Printmaking at the Agnes relives horrors of First World War

New exhibit follows soldiers and civilians through conflict

Image by: Chris Yao
The Printmakers: at War (1914-1918) is on exhibit at the Agnes Etherington  Art Centre until Dec. 2

Artistic interpretations of the war to end all wars aren’t hard to find. 

Paintings, books, songs and films thoroughly documented the experiences of the war, but a new exhibit at the Agnes Etherington Art Centre presents a dissenting new vision of it.

The exhibit, Printmakers at War (1914-1918), depicts the prints of soldiers and civilians who experienced the war first-hand. The works’ printmakers portray landscapes ravaged by The First World War in black and white etchings. 

It’s a visually haunting representation of peaceful daily life grinding to a halt as the world embarked on one of the largest wars it had ever experienced.

In the history books, the war’s tragedies usually involve the staggering number of deaths, the terror of the battles and the sound of bullets and shells firing and exploding on the battlefield. 

The period is filled with countless stories and experiences of soldiers, civilians, and survivors.  

But the Printmakers at War (1914-1918) exhibit offers a unique retelling of the war from those with first-hand experience through its black-and-white landscape prints. 
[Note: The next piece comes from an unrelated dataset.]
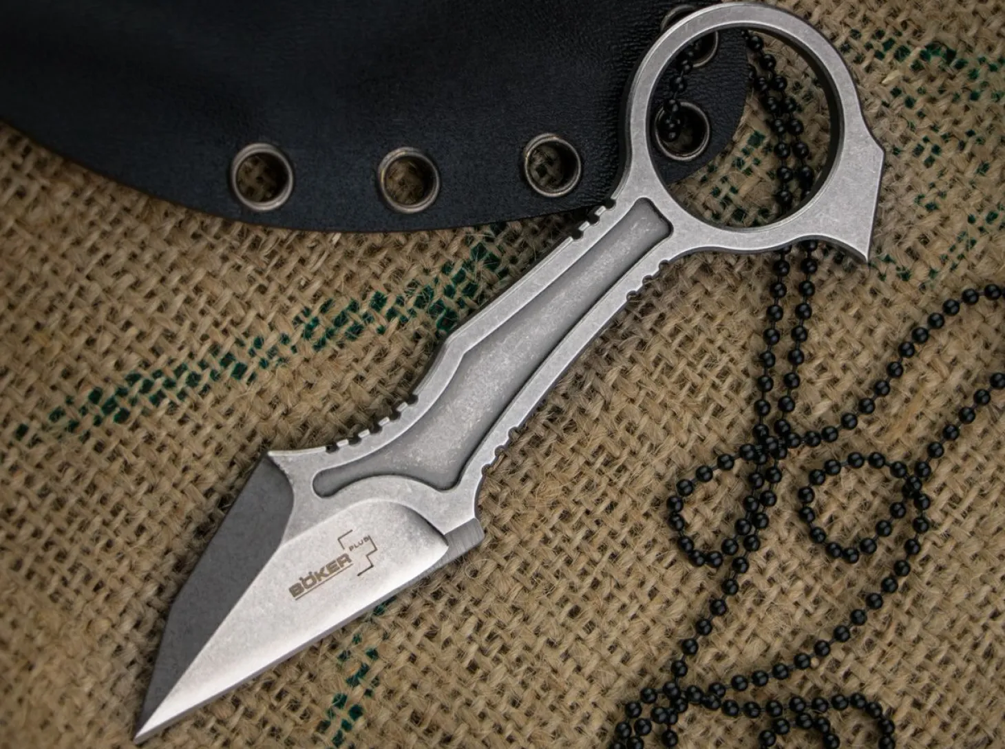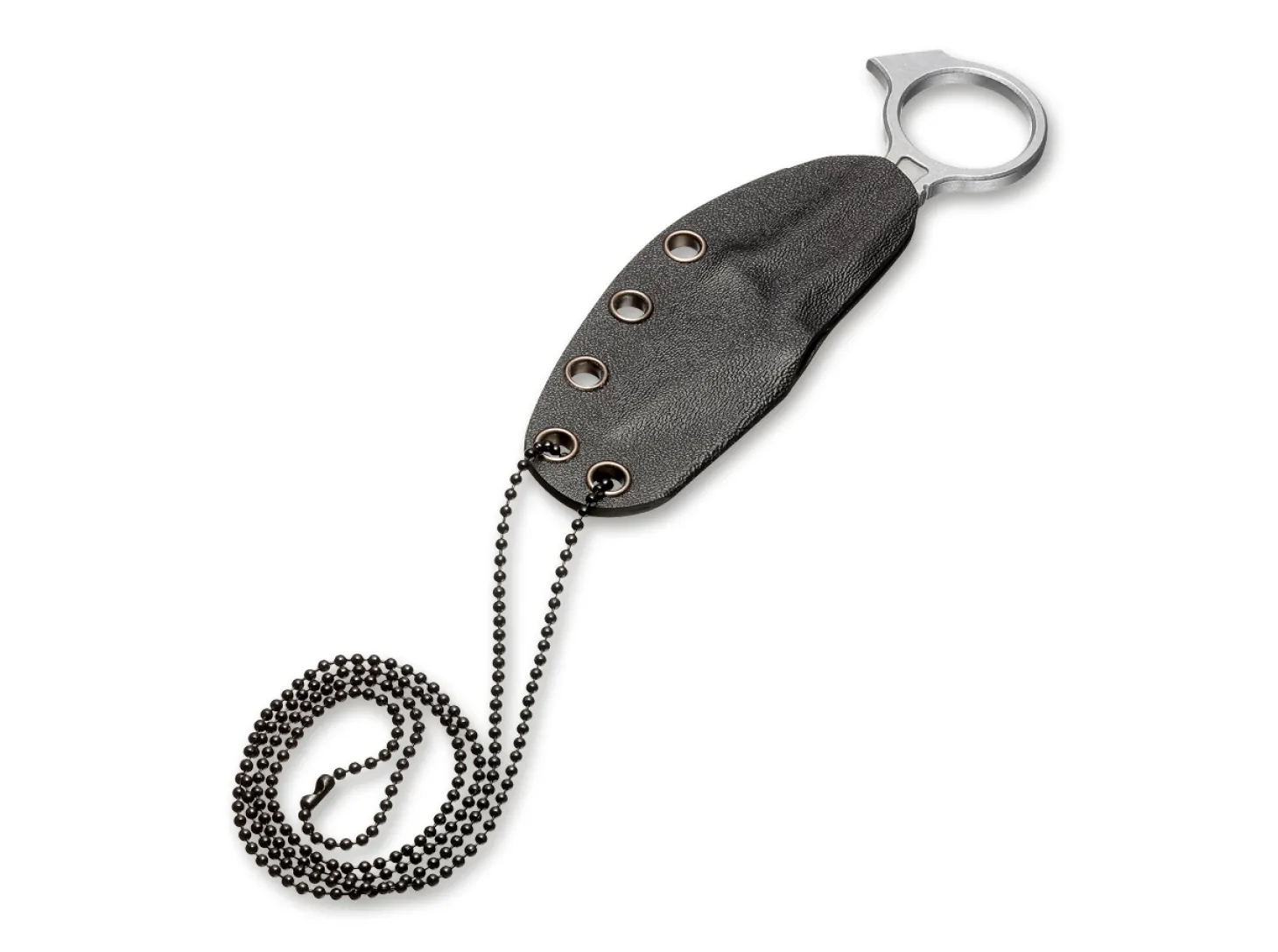 Das Böker Plus GITFO-DA von DJ Urbanovsky ist die kompakte Version des ergonomisch besonders gelungenen Böker Plus GITFO. Es bietet die gleiche hohe Griffsicherheit, bietet sich mit seiner verkürzten Gesamtlänge aber insbesondere als Neck Knife an, da es mit seiner schlanken Ganzstahlkonstruktion sehr flach und kompakt baut und einen überragenden Tragekomfort bietet. Der Ring am Griffende gewährleistet unzählige Griff- und Handlingsoptionen und macht das GITFO-DA zu einem ausgezeichneten Back-Up. Durch die Kugelkette und die Kydexscheide trägt sich das Messer komfortabel und zugriffsbereit um den Hals. Selbstversändlich bietet die Scheide auch die Möglichkeit, für die klassische Trageweise einen Gürteladapter zu montieren. Die Mulden und Riffelungen an Griff und Klinge sorgen im Zusammenspiel mit dem Ring für eine sehr gelungene Ergonomie. Gefertigt aus 440C, mit Stonewash-Finish. Lieferung mit schlanker Kydexscheide und Kugelkette.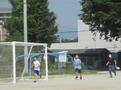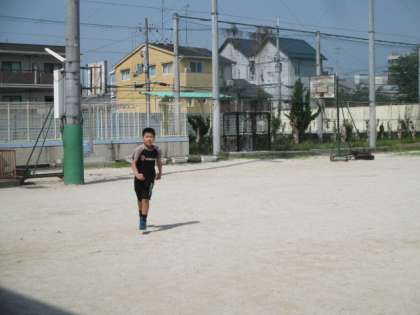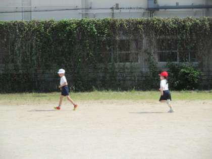 運動場を3周しました。

It portrays its vistas of the Great War’s ravaged landscapes with simple etchings. The small exhibit displays multiple prints made by Muirhead Bone, Christopher Richard Wynne Nevinson, Percy John Delf Smith, Paul Nash and many more. 

These printmakers were war artists who produced prints for the sake of political activism. Their work serves as a tool for awareness and education of how war affects its witnesses.

They had to be fully immersed in the war to be able to validly depict it with the brutal honesty seen in the the exhibit.

Each print in the Printmakers of War (1914-1918) provides a different element or scene of wartime horror that an artist endured. 

It’s captured in pieces like “Rain, Lake Zillebeke” by Nash—an ideal example of printmaking. The scratch-like image contains contradicting light and dark to communicate a vengeful landscape full of tragedy and remorse in the wake or anticipation of battle. 

On the flip side, pieces like “Piccadilly Circus” by Bone display the homefront, where the landscape of London remained physically untainted by conflict.  All the same, eyes of civilians were fixed on the sky above the city, as spotlights searched for incoming Zeppelins that might approach with bombs ready to drop. 

Bone was predominantly a propaganda and war artist  who depicted his scenes with the intent of educating civilian populations about the horrors of war.

In all the prints, there’s an element of remorse, vacancy, and memory of the horror endured by the unique war artist. One cannot look at the images without feeling some capacity of the sorrow witnessed and created in the name of educating and informing the world. Printmakers at War (1914-1918) does justice to an almost entirely lost generation of artists and educators. 

The Agnes Etherington Centre’s final words on behalf of the exhibit were simple: the “images serve as warnings for future generations” to be ever conscious of the realities of the Great War.